# Georg von Pasterwitz



## hammeredklavier (Feb 18, 2018)

*Georg Robert von Pasterwitz* (7 June 1730 - 26 January 1803) was an Austrian composer and teacher. He was born in Bierhütten, near Passau. First educated at Niederaltaich, he entered the Benedictine monastery in Kremsmünster in 1749. He then enrolled at the University of Salzburg, studying theology, law and mathematics. It was during this time that he met Johann Ernst Eberlin, who became his music teacher. Pasterwitz completed his studies in 1759 and soon started teaching philosophy at the monastery's Ritterakademie, eventually rising to teach courses in mathematics, physics, economics, and political science; since about 1755 he was also active as composer, producing stage works for the monastery almost every year.

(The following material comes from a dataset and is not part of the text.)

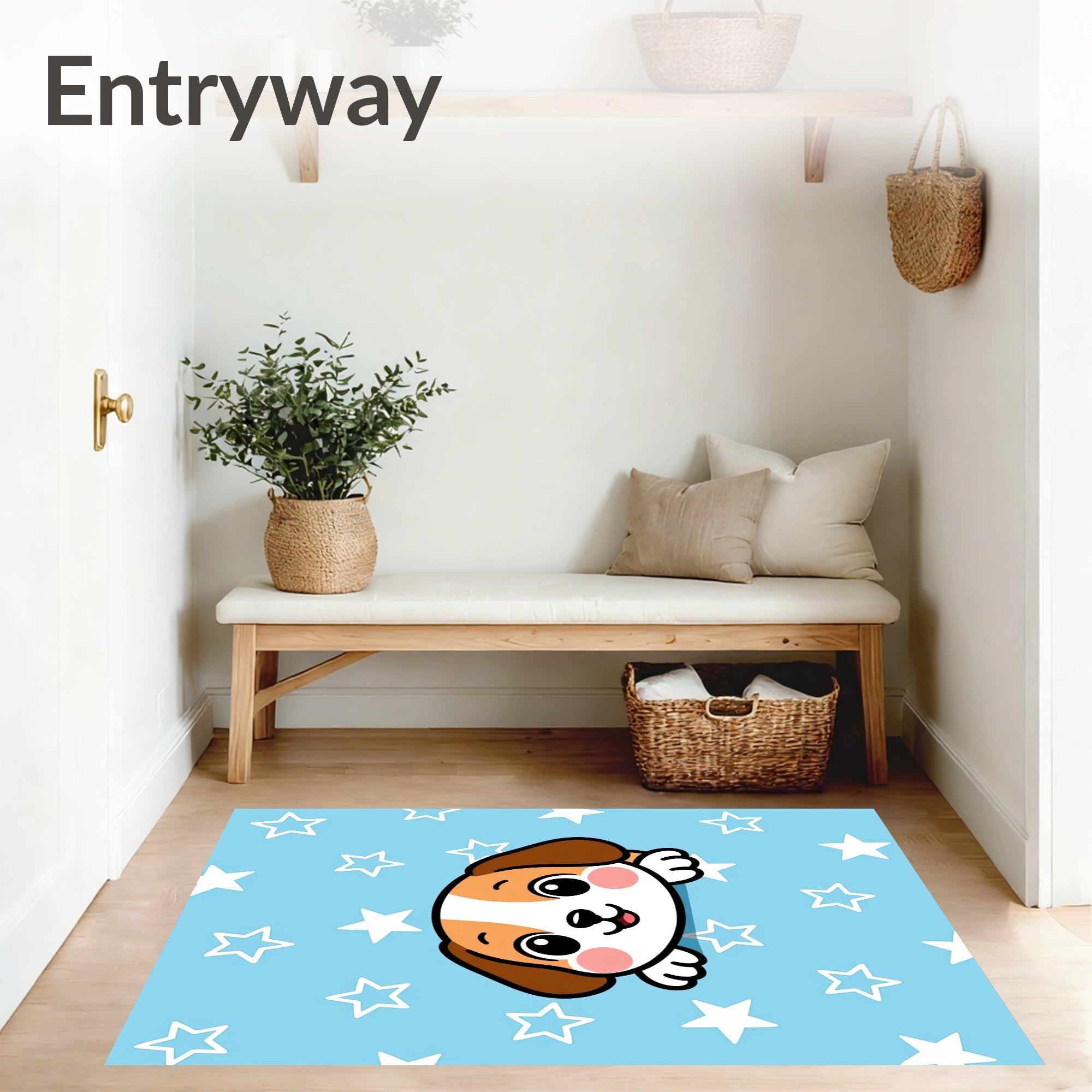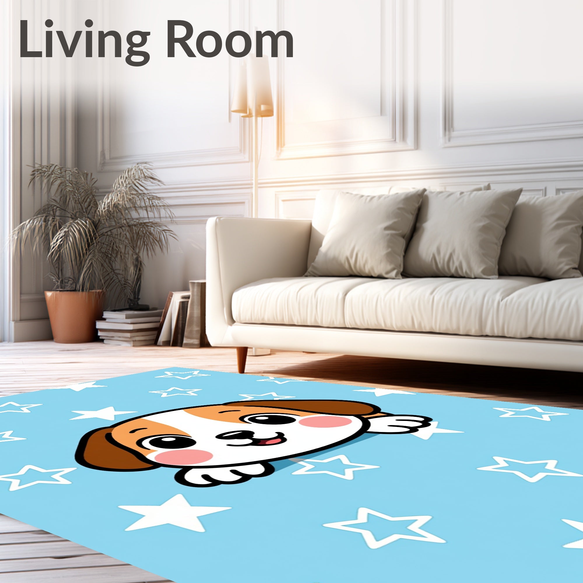 Ultra Soft Area Rug, Non Slip, Stain Resistant, Washable Area Rugs for Living Room, Bedroom, Animated Beagle Character Decorative Welcome(Blue) Overview:

Between 1767 and 1783 Pasterwitz served as the monastery's choir director. Due to reforms started by Joseph II, he had to give up some of his duties and became instead the monastery's treasurer and eventually official representative, when it was threatened with dissolution in 1785. Pasterwitz died in 1803 in Kremsmünster, having served as dean of the Upper School there until 1801. Pasterwitz's surviving oeuvre comprises some 500 works, mostly liturgical pieces and dramatic works for the church. He composed a large number of short contrapuntal pieces for keyboard: 324 were published between 1790 and 1803, and were the only works published during the composer's lifetime. They show him as a competent master of both counterpoint and the keyboard. For the monastery, Pasterwitz regularly composed dramas and dozens of liturgical pieces: masses, offertories, vespers, etc.

*Stage*

Mardochäus (drama), 1751
Abul Granatae rex (comedy), 1755
Jephtias (drama), 1758
Joas (drama), 1759
Athamas (Singspiel), 1774
Samson (Singspiel), 1775
Il Giuseppe riconosciuto, 1777
Der wahre Vater, 1782
other dramatic works

*Sacred vocal*

Requiem (previously attributed to Michael Haydn)
Terra tremuit for choir and orchestra
14 masses, 83 graduals, 85 offertories, 11 vespers, 38 Magnificats, 40 Marian antiphons, 4 litanies, 4 Te Deums, 16 Advent arias, 24 Passion arias

*Instrumental*

[24] Fughe, for organ or harpsichord, opp. 1-3 (Vienna, 1790-92)
300 Themata und Versetten, for organ or piano, op. 4 (Vienna, 1803)
22 orchestral minuets
Variations for harpsichord


----------